Open DuarteMRAlves opened 1 year ago
Hey @DuarteMRAlves I don't disagree. It should be fairly doable to take the current conversion script and rearrange the state dict. Help welcome :-)
piling on, I think this will be useful cause hf weights can split to multi-gpu during inference which is useful for bigger models.
@timothylimyl Lit-Parrot supports this via FSDP, added in https://github.com/Lightning-AI/lit-parrot/commit/248d691f06d68c7e92d3230260eda0055f7dc163. Support for this could be easily ported to Lit-LlaMA
That's awesome, any plans on supporting FSDP inference for lit-llama too?
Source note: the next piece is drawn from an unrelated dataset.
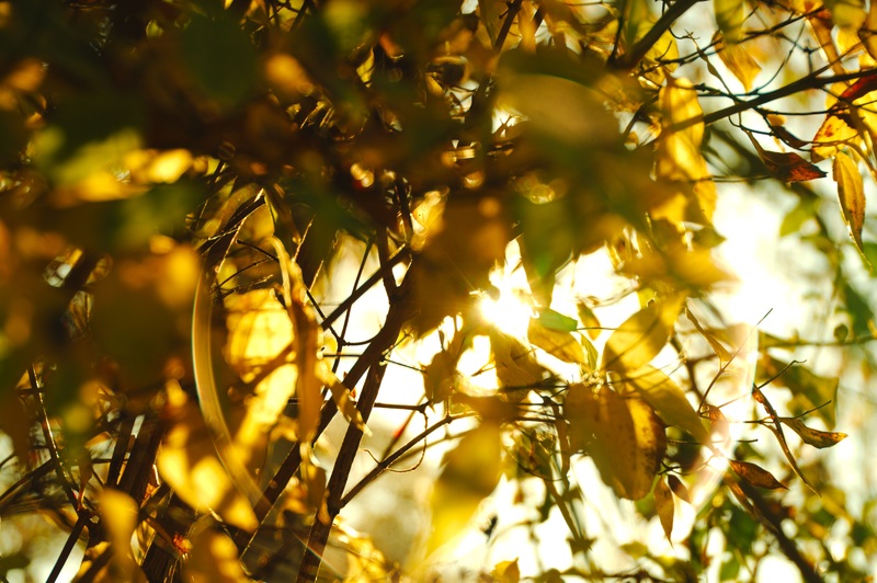 Soleil couchant au travers des dernières feuilles de l'automne...

I will give it a look too to see whether will I be able to replicate what you did on lit-parrot. However, my initial intuition was that it is not that straight forward? At least my guesses would be that you need to embed some sort of heuristic to know at which layer to separate the model given the number of gpus provided.
Edit: I really think this is very important feature, it gives a lot of flexibility in terms of personal hardware constraints during inference.
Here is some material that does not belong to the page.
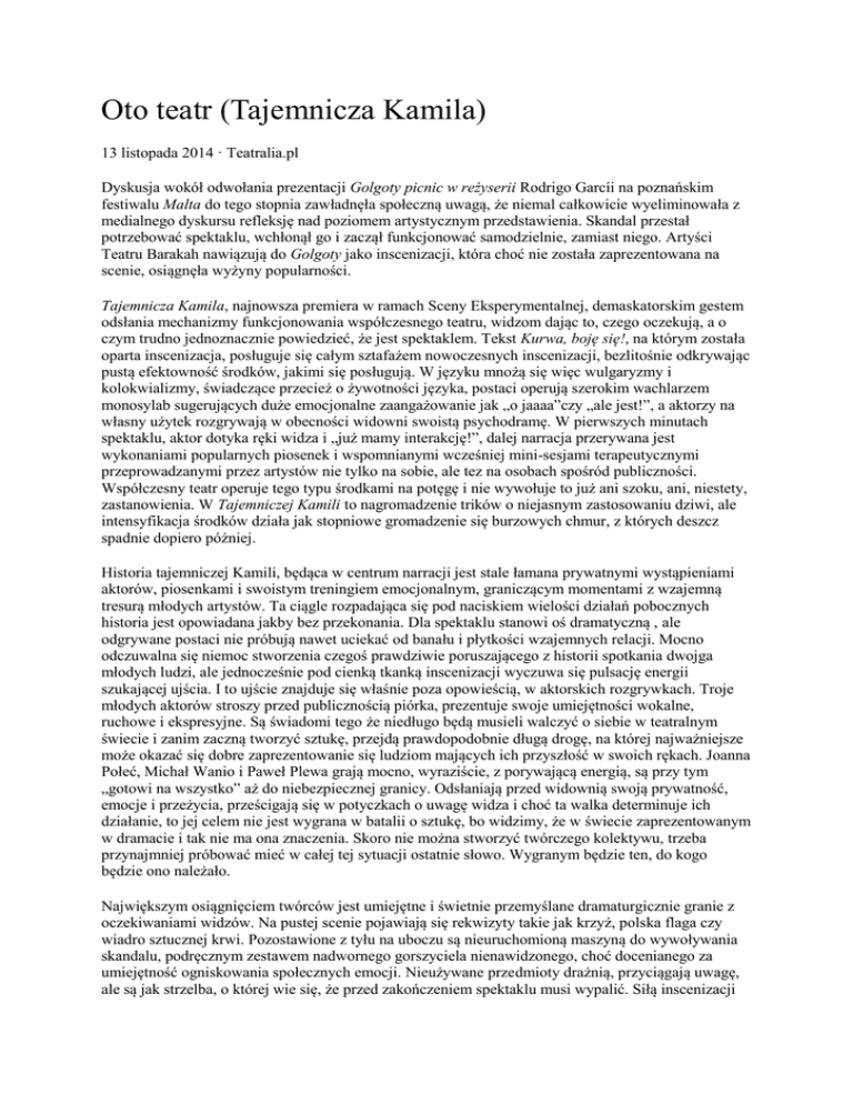 Oto teatr (Tajemnicza Kamila) 13 listopada 2014 · Teatralia.pl Dyskusja wokół odwołania prezentacji Golgoty picnic w reżyserii Rodrigo Garcíi na poznańskim festiwalu Malta do tego stopnia zawładnęła społeczną uwagą, że niemal całkowicie wyeliminowała z medialnego dyskursu refleksję nad poziomem artystycznym przedstawienia. Skandal przestał potrzebować spektaklu, wchłonął go i zaczął funkcjonować samodzielnie, zamiast niego. Artyści Teatru Barakah nawiązują do Golgoty jako inscenizacji, która choć nie została zaprezentowana na scenie, osiągnęła wyżyny popularności. Tajemnicza Kamila, najnowsza premiera w ramach Sceny Eksperymentalnej, demaskatorskim gestem odsłania mechanizmy funkcjonowania współczesnego teatru, widzom dając to, czego oczekują, a o czym trudno jednoznacznie powiedzieć, że jest spektaklem. Tekst Kurwa, boję się!, na którym została oparta inscenizacja, posługuje się całym sztafażem nowoczesnych inscenizacji, bezlitośnie odkrywając pustą efektowność środków, jakimi się posługują. W języku mnożą się więc wulgaryzmy i kolokwializmy, świadczące przecież o żywotności języka, postaci operują szerokim wachlarzem monosylab sugerujących duże emocjonalne zaangażowanie jak „o jaaaa”czy „ale jest!”, a aktorzy na własny użytek rozgrywają w obecności widowni swoistą psychodramę. W pierwszych minutach spektaklu, aktor dotyka ręki widza i „już mamy interakcję!”, dalej narracja przerywana jest wykonaniami popularnych piosenek i wspomnianymi wcześniej mini-sesjami terapeutycznymi przeprowadzanymi przez artystów nie tylko na sobie, ale tez na osobach spośród publiczności. Współczesny teatr operuje tego typu środkami na potęgę i nie wywołuje to już ani szoku, ani, niestety, zastanowienia. W Tajemniczej Kamili to nagromadzenie trików o niejasnym zastosowaniu dziwi, ale intensyfikacja środków działa jak stopniowe gromadzenie się burzowych chmur, z których deszcz spadnie dopiero później. Historia tajemniczej Kamili, będąca w centrum narracji jest stale łamana prywatnymi wystąpieniami aktorów, piosenkami i swoistym treningiem emocjonalnym, graniczącym momentami z wzajemną tresurą młodych artystów. Ta ciągle rozpadająca się pod naciskiem wielości działań pobocznych historia jest opowiadana jakby bez przekonania. Dla spektaklu stanowi oś dramatyczną , ale odgrywane postaci nie próbują nawet uciekać od banału i płytkości wzajemnych relacji. Mocno odczuwalna się niemoc stworzenia czegoś prawdziwie poruszającego z historii spotkania dwojga młodych ludzi, ale jednocześnie pod cienką tkanką inscenizacji wyczuwa się pulsację energii szukającej ujścia. I to ujście znajduje się właśnie poza opowieścią, w aktorskich rozgrywkach. Troje młodych aktorów stroszy przed publicznością piórka, prezentuje swoje umiejętności wokalne, ruchowe i ekspresyjne. Są świadomi tego że niedługo będą musieli walczyć o siebie w teatralnym świecie i zanim zaczną tworzyć sztukę, przejdą prawdopodobnie długą drogę, na której najważniejsze może okazać się dobre zaprezentowanie się ludziom mających ich przyszłość w swoich rękach. Joanna Połeć, Michał Wanio i Paweł Plewa grają mocno, wyraziście, z porywającą energią, są przy tym „gotowi na wszystko” aż do niebezpiecznej granicy. Odsłaniają przed widownią swoją prywatność, emocje i przeżycia, prześcigają się w potyczkach o uwagę widza i choć ta walka determinuje ich działanie, to jej celem nie jest wygrana w batalii o sztukę, bo widzimy, że w świecie zaprezentowanym w dramacie i tak nie ma ona znaczenia. Skoro nie można stworzyć twórczego kolektywu, trzeba przynajmniej próbować mieć w całej tej sytuacji ostatnie słowo. Wygranym będzie ten, do kogo będzie ono należało. Największym osiągnięciem twórców jest umiejętne i świetnie przemyślane dramaturgicznie granie z oczekiwaniami widzów. Na pustej scenie pojawiają się rekwizyty takie jak krzyż, polska flaga czy wiadro sztucznej krwi. Pozostawione z tyłu na uboczu są nieuruchomioną maszyną do wywoływania skandalu, podręcznym zestawem nadwornego gorszyciela nienawidzonego, choć docenianego za umiejętność ogniskowania społecznych emocji. Nieużywane przedmioty drażnią, przyciągają uwagę, ale są jak strzelba, o której wie się, że przed zakończeniem spektaklu musi wypalić. Siłą inscenizacji Barakah jest bezkompromisowe stawianie współczesnemu teatrowi brutalnej diagnozy, że w bardzo małym stopniu chodzi w nim dzisiaj o sztukę. Przedstawienie ma subwersywny potencjał i energię ludzi wierzących w sprawczą moc swojego działania, działania na teatralnym polu bitwy. Artyści teatru na Paulińskiej zgotowali odwiedzającym ich widzom sporą niespodziankę, służącą jednak konkretnemu celowi: odważnej wypowiedzi, która zostanie przez publiczność potraktowana poważnie i przemyślana. Zuzanna Berendt, Teatralia Kraków Internetowy Magazyn „Teatralia” 114/2014 Teatr Barakah w Krakowie Tajemnicza Kamila reżyseria: reżyser obsada: aktorzy scenografia i muzyka: artyści Teatru Barakah premiera: 17 października 2014 Zuzanna Berendt, rocznik 1994, studentka wiedzy o teatrze UJ, w wolnych chwilach podróżująca do Gdańska (koniecznie z książką!), skąd pochodzi i w którym zaczął się dla niej teatr.

Yes, but it would be better if you or somebody else from the community works on the port.
The sharding is configured via the auto_wrap_policy
function used in the commit I linked (PyTorch docs)
Yes, but it would be better if you or somebody else from the community works on the port.
The sharding is configured via the
auto_wrap_policy
function used in the commit I linked (PyTorch docs)
Any particular reason for this?
I will give it a shot when available, I am now using another repo just because I can load using hugging face auto device mapping (but reckon lit-llama is still the best cause other repo's multi-gpu training is pretty broken)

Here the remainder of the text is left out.